Significant roles of regulatory T cells and myeloid derived suppressor cells in hepatitis B virus persistent infection and hepatitis B virus-related HCCs.

The adaptive immune system, including type1 helper T cells (Th1 cells), cytotoxic T lymphocytes (CTLs), and dendritic cells (DCs), plays an important role in the control of hepatitis B virus (HBV). On the other hand, regulatory T cells (Tregs) and myeloid derived suppressor cells (MDSCs) suppress the immune reaction in HBV and hepatocellular carcinoma (HCC). Excessive activation of immune suppressive cells could contribute to the persistent infection of HBV and the progression of HCC. The frequency and/or function of Tregs could affect the natural course in chronic hepatitis B patients and the treatment response. In addition to the suppressive function of MDSCs, MDSCs could affect the induction and function of Tregs.
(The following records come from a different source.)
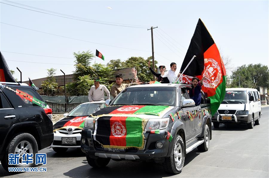 8月19日,在阿富汗首都喀布尔,当地民众在街头挥舞国旗,庆祝国家独立99周年。当日,阿富汗各界举行活动,庆祝国家独立99周年。1919年8月19日,阿富汗摆脱英国殖民统治获得独立,并宣布每年的8月19日为独立日。新华社记者 代贺 摄
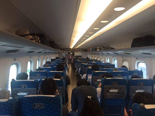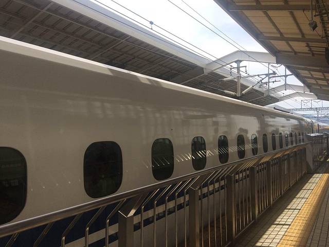 跟高铁差不多。因为自由席不固定时间和座位,所以只能在1.2.3最后3列排队上车…到终站东京需要经过2站。
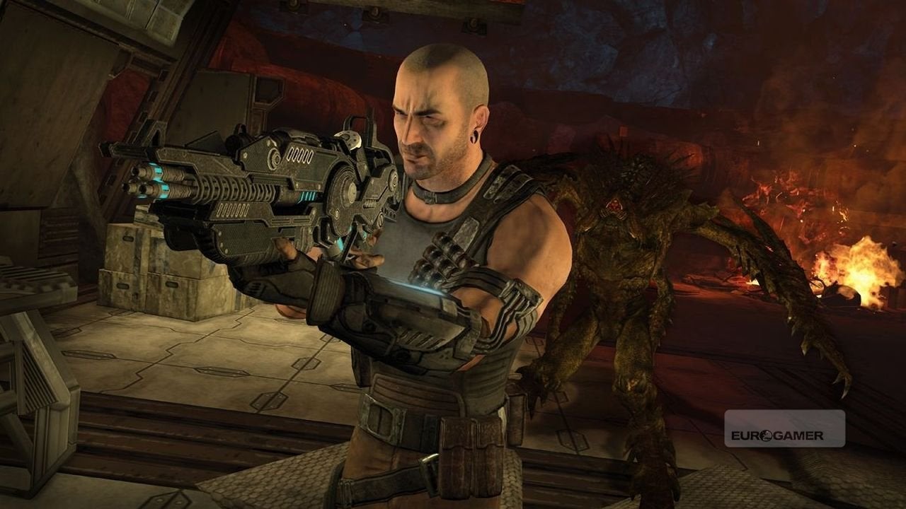 En laten we het eens over dat verhaal hebben. Jij neemt de rol aan van Darius Mason, een naam die waarschijnlijk wel een belletje doet rinkelen. Darius is namelijk de kleinzoon van Alec Mason, de held uit Red Faction: Guerilla. Vijftig jaar na de gebeurtenissen uit het voorgaande deel is de oppervlakte van Mars onleefbaar geworden en zit er niets anders op dan ondergronds de samenleving verder te zetten. Net als mollen is een van de voornaamste beroepen het uitmijnen van gangenstelsels geworden. Ook Darius doet dit, maar tijdens een expeditie ontkurkt hij perongeluk een eeuwenoude schuilplaats van de oorspronkelijke bewoners van Mars. En neen, het zijn geen lieve E.T.-achtige wezens, maar eerder bloeddorstige gedrochten die ervoor zorgen dat de door de mensheid gekoloniseerde planeet opeens heel wat minder aantrekkelijk gaat lijken.

Therefore, we should understand in detail the mechanism by which Tregs and MDSCs are induced to control HBV persistent infection and HBV-related HCC. Immune suppressive cells, including Tregs and MDSCs, contribute to the difficulty in inducing an effective immune response for HBV persistent infection and HBV-related HCC. In this review, we focus on the Tregs and MDSCs that could be potential targets for immune therapy of chronic hepatitis B and HBV-related HCC.

1. Introduction

Hepatitis B virus (HBV) is a noncytopathic DNA virus that causes chronic hepatitis and hepatocellular carcinoma (HCC) as well as acute hepatitis [1]. HBV infects more than 400 million people worldwide. HBV has six different genotypes [2,3]. The progression of liver fibrosis and HCC could vary among various HBV genotypes [3,4].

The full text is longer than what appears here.